- What needs to be done -
Restate, exactly and without pictures, the lines from the start of the listing below through the line holding "Рис. 3 Автоматизований".

- Records to use -
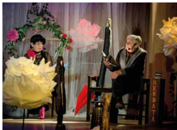
Kwiaty mojego ogrodu
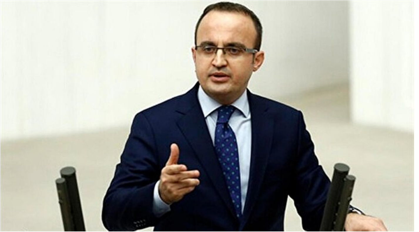
AK Parti Grup Başkanvekili Bülent Turan
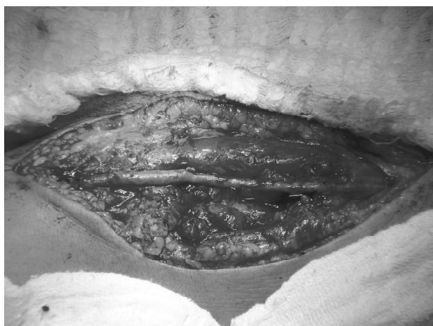
Fig. 3 - Aspecto final após ressecção do aneurisma com interposição de enxerto de safena reversa em localização braquio-radial
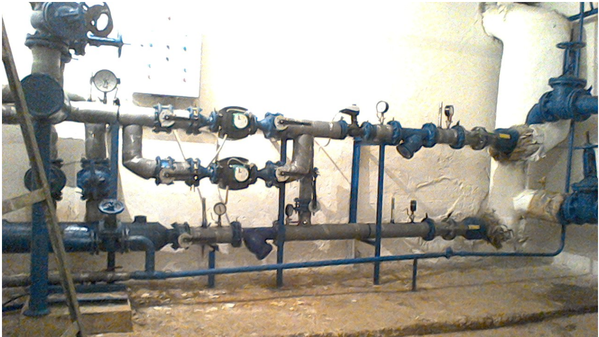
Рис. 3 Автоматизований вузол регулювання теплової енергії навчального корпусу №6

Питання енергоефективності займають одне з перших місць і в діяльності науково-дослідного виробничого бізнес-центру (НДВБЦ) НУВГП в таких аспектах як:
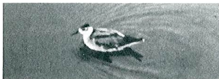
Fig.7 - Phalarope à bec large : Butgenbach, du 14 au 16 novembre.

■ Ostende, estacade et mare, du 14 au 17 novembre : 1 ex.
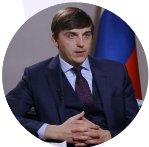
Сергей Кравцов Министр просвещения Российской Федерации

«Россия имеет мощный образовательный потенциал, сильные педагогические и научные школы. За последние 20 лет в нашей стране проведена модернизация всей системы образования. И такая работа, донастройка образовательных программ постоянно продолжается с учётом растущих запросов молодёжи, стремительных общественных, экономических, технологических изменений в мире и, конечно, тех новых масштабных задач, которые мы решаем в рамках национальной повестки развития»
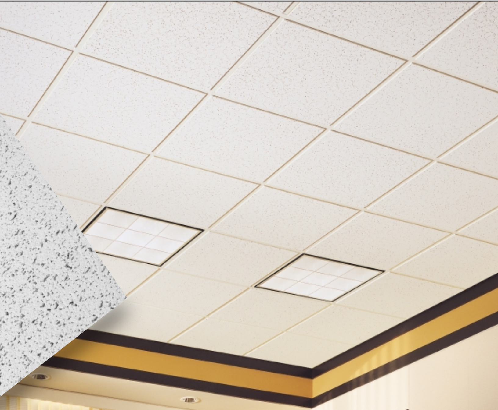
CORTEGA Angled Tegular con Reticula de Te expuesta PRELUDE 15/16"
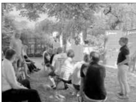
Bio-Landwirtschaft und Großküchen im Raum Schweinfurt im Austausch

„Endlich machen!“ - das war der breite Tenor der Vernetzungsveranstaltung Ende Juni auf dem ökologischen Landwirtschaftsbetrieb Schloss Gut Obbach. Gemeint ist der Einsatz regionaler biologischer erzeugter Lebensmittel in den Großküchen.

- Answer section -
Kwiaty mojego ogrodu
AK Parti Grup Başkanvekili Bülent Turan
Fig. 3 - Aspecto final após ressecção do aneurisma com interposição de enxerto de safena reversa em localização braquio-radial
Рис. 3 Автоматизований вузол регулювання теплової енергії навчального корпусу №6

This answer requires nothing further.